3、4年前から排尿回数が増え、尿意を催すと待ったなしで、トイレまで間に合わずもれるようになりました。
排尿日誌をつけてみると、排尿回数は12−15回で一回の尿量は100ml以下のことが多い。夜間は1−3回で一回の尿量は150−200mlでした。
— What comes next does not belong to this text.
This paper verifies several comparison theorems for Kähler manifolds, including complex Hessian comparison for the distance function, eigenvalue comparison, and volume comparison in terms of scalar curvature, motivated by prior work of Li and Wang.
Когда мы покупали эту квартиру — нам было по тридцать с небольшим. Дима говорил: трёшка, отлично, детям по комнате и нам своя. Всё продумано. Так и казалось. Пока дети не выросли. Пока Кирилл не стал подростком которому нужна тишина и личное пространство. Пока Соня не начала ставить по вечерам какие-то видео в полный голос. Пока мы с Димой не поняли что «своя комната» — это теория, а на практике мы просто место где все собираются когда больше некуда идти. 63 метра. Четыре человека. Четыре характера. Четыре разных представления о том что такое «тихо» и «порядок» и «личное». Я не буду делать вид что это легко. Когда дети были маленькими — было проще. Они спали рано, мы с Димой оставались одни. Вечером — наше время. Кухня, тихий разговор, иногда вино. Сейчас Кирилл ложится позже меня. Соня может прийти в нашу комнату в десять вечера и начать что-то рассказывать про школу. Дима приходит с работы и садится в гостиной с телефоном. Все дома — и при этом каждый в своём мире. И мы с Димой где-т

次第に、水に触れたり、水の音を聞いただけでももれるようになったため、私の外来を受診されました。

切迫性尿失禁の症状
我慢することが難しい強い尿意のことを尿意切迫感と言います。尿意切迫感を症状とする病気に過活動膀胱があり、別項で述べますが、この尿意切迫感があり尿がもれてしまうのが切迫性尿失禁です。頻尿(トイレに行く回数が日中8回以上、夜間2回以上)を伴うことが多く、水の音を聞いたり、水に触れたりしたときにもれることもあります。

切迫性尿失禁の原因
切迫性尿失禁には排尿筋過活動(膀胱が勝手に収縮する)などが原因とされる過活動膀胱など運動性のタイプと膀胱が感じすぎることが原因とされる感覚性のタイプに分けられます。
運動性のタイプはさらに大きく分けて脳や脊髄の神経経路に障害がある神経原性のものと神経に障害のない非神経原性の不安定膀胱タイプに分けられます。
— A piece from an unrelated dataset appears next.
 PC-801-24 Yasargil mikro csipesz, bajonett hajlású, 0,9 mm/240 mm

感覚性のタイプは膀胱の知覚が過敏になり(尿意亢進)、思わずもらしてしまうものです。過知覚膀胱とでも呼ぶべきもので、膀胱炎が代表的なものですが、尿が貯まると下腹部が痛む間質性膀胱炎などによる尿失禁も、このグループに入ります。
原因が多岐にわたり、原因の特定が困難なことも切迫性尿失禁の特徴です。

切迫性尿失禁の治療
切迫性尿失禁の治療は腹圧性尿失禁のように簡単な手術でスパッと治るものではなく、薬物療法が中心となります。
抗コリン薬の服用で多くの場合効果が見られますが、無効である場合もあり、治療に難渋することがあります。
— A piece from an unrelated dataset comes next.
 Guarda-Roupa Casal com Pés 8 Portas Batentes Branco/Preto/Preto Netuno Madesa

切迫性尿失禁の強い尿意(尿意切迫感)は腹圧性尿失禁以上にQOLの低下を招き、生活に影響を与えるようです。

Bさんは検査の結果、神経に原因のない、不安定膀胱タイプと診断され、抗コリン薬を処方されました。幸い投薬により尿失禁が消失しましたが、薬から離脱できるように、膀胱訓練(尿を我慢する練習)と骨盤底筋体操を心がけて毎日行うようにしています。